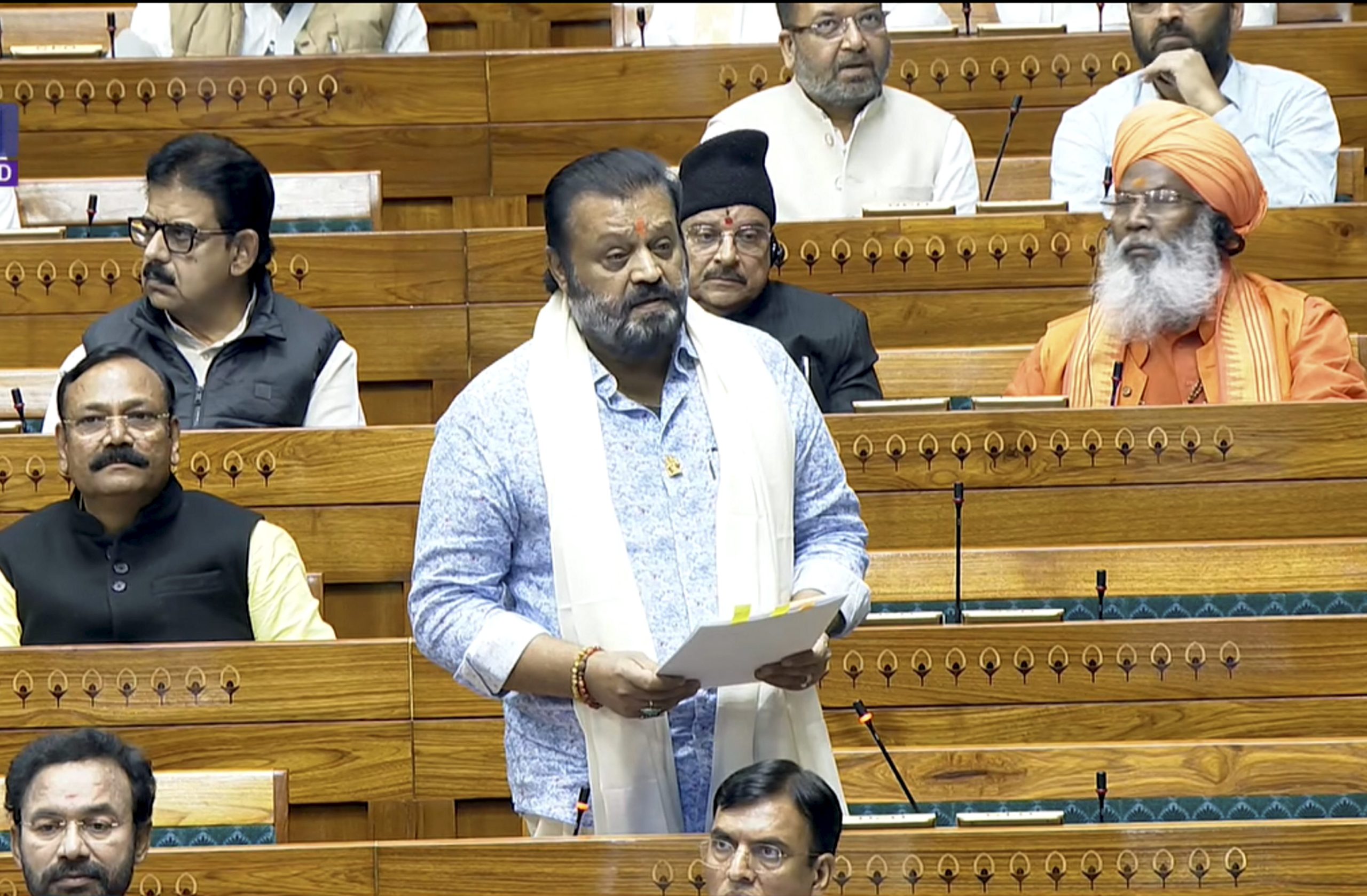 **EDS: THIRD PARTY IMAGE, SCREENGRAB VIA SANSAD TV** New Delhi: Union Minister of State Suresh Gopi speaks in the Lok Sabha during the Budget session of Parliament, in New Delhi, Friday, Feb. 13, 2026. (Sansad TV via PTI Photo)(PTI02_13_2026_000076B) *** Local Caption ***
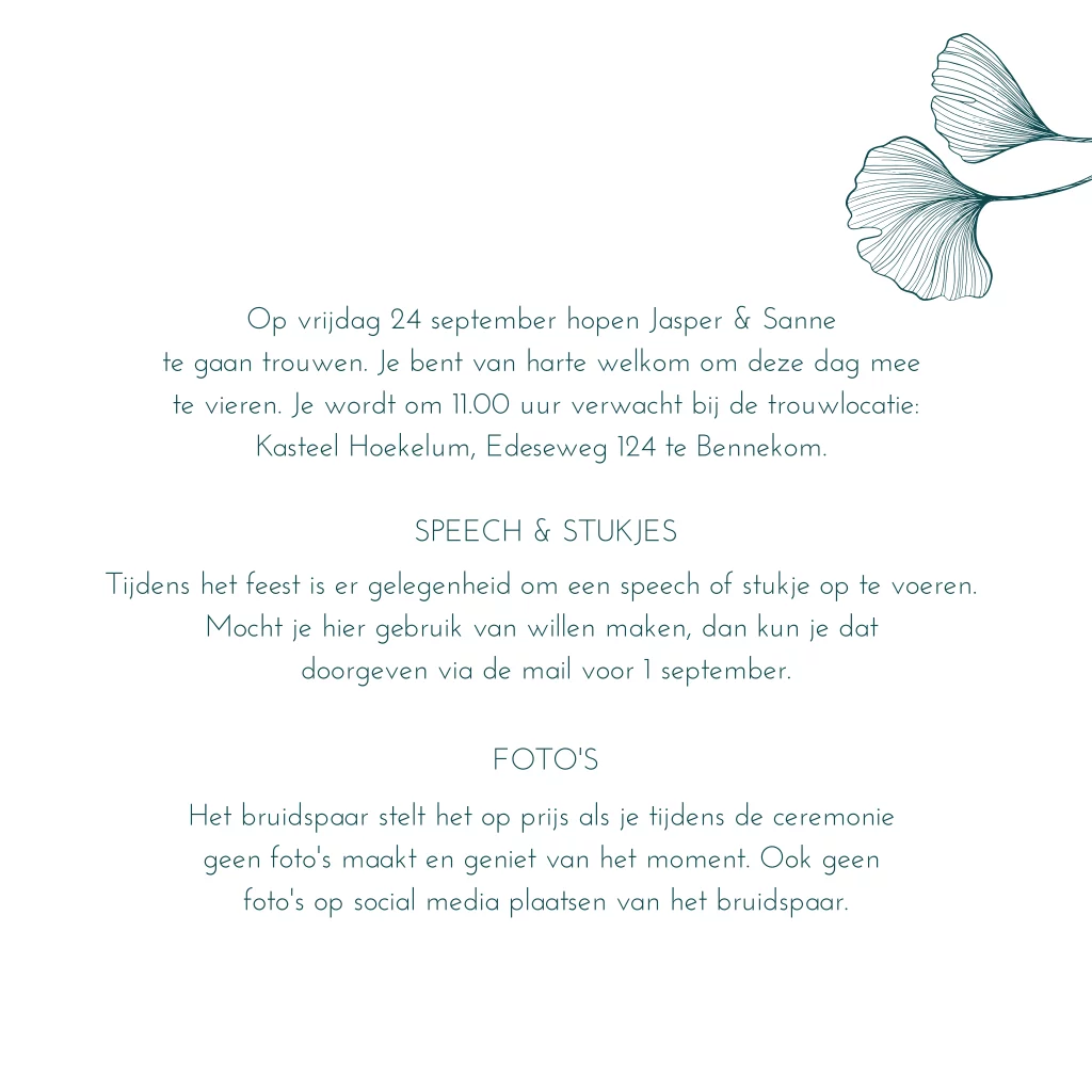 Met deze ceremoniemeester kaart in botanische stijl met rosefolie laten jullie specifieke details weten. Het kaartje pas je in de editor aan naar de stijl van jullie trouwkaart, zodat het een harmonieus geheel is.
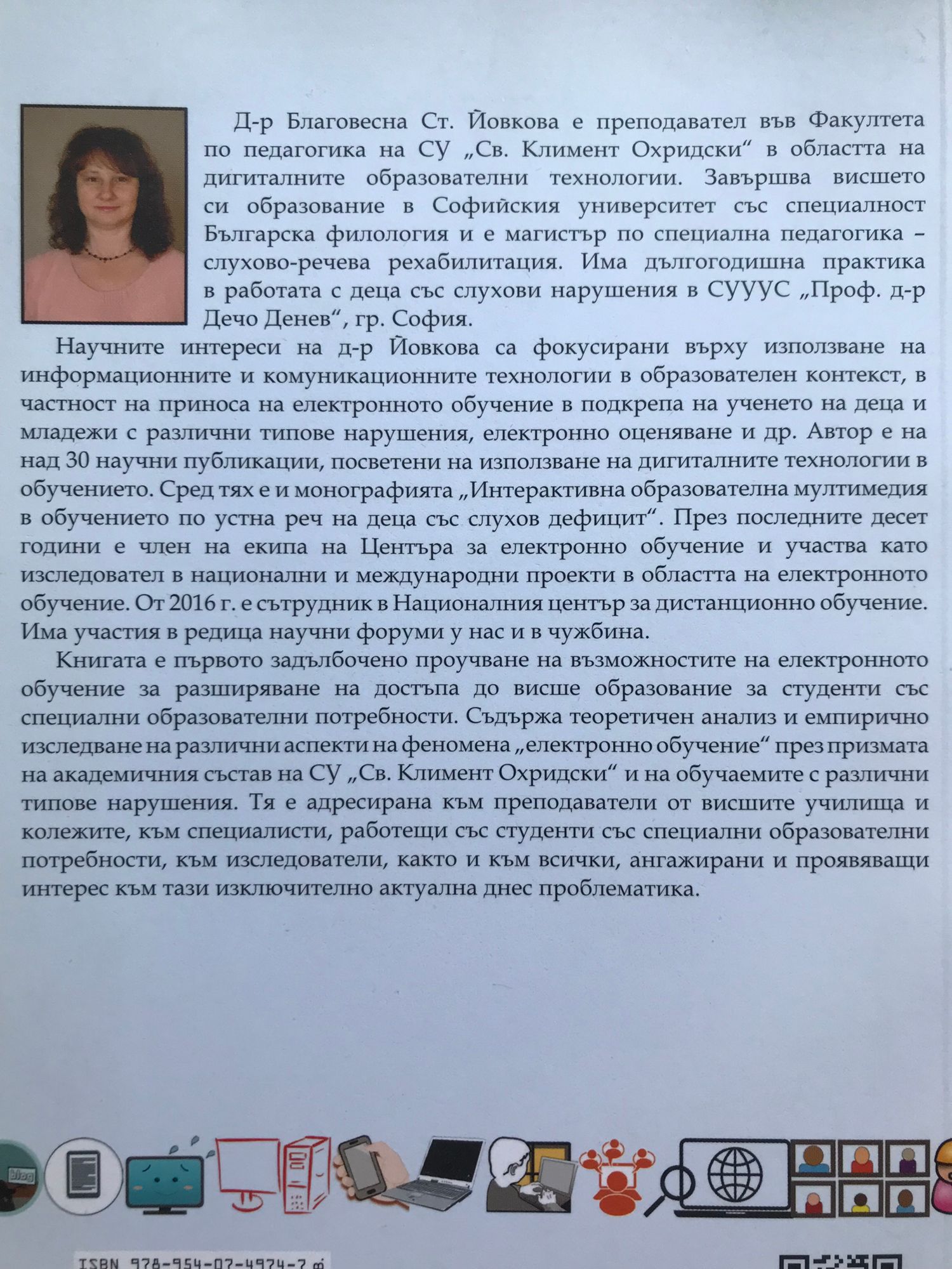 Книгата е първото задълбочено проучване на възможностите на електронното обучение за разширяване на достъпа до висше образование за студенти със специални образователни потребности . Съдържа теоретичен анализ и емпирично изследване на различни аспекти на феномена “ електронно обучение “ през призмата на академичния състав на СУ “ Св. Климент Охридски “ и на обучаемите с различни типове нарушения . Тя е адресирана към преподаватели от висшите училища и колежите , към специалисти , работещи със студенти със специални образователни потребности , към изследователи , както и към всички , ангажирани и проявяващи интерес към тази изключително актуална днес проблематика .

======

● Work instruction
Pictures stay out; everything else in the listing above is to be repeated exactly.

● Answer section
 **EDS: THIRD PARTY IMAGE, SCREENGRAB VIA SANSAD TV** New Delhi: Union Minister of State Suresh Gopi speaks in the Lok Sabha during the Budget session of Parliament, in New Delhi, Friday, Feb. 13, 2026. (Sansad TV via PTI Photo)(PTI02_13_2026_000076B) *** Local Caption ***
 Met deze ceremoniemeester kaart in botanische stijl met rosefolie laten jullie specifieke details weten. Het kaartje pas je in de editor aan naar de stijl van jullie trouwkaart, zodat het een harmonieus geheel is.
 Книгата е първото задълбочено проучване на възможностите на електронното обучение за разширяване на достъпа до висше образование за студенти със специални образователни потребности . Съдържа теоретичен анализ и емпирично изследване на различни аспекти на феномена “ електронно обучение “ през призмата на академичния състав на СУ “ Св. Климент Охридски “ и на обучаемите с различни типове нарушения . Тя е адресирана към преподаватели от висшите училища и колежите , към специалисти , работещи със студенти със специални образователни потребности , към изследователи , както и към всички , ангажирани и проявяващи интерес към тази изключително актуална днес проблематика .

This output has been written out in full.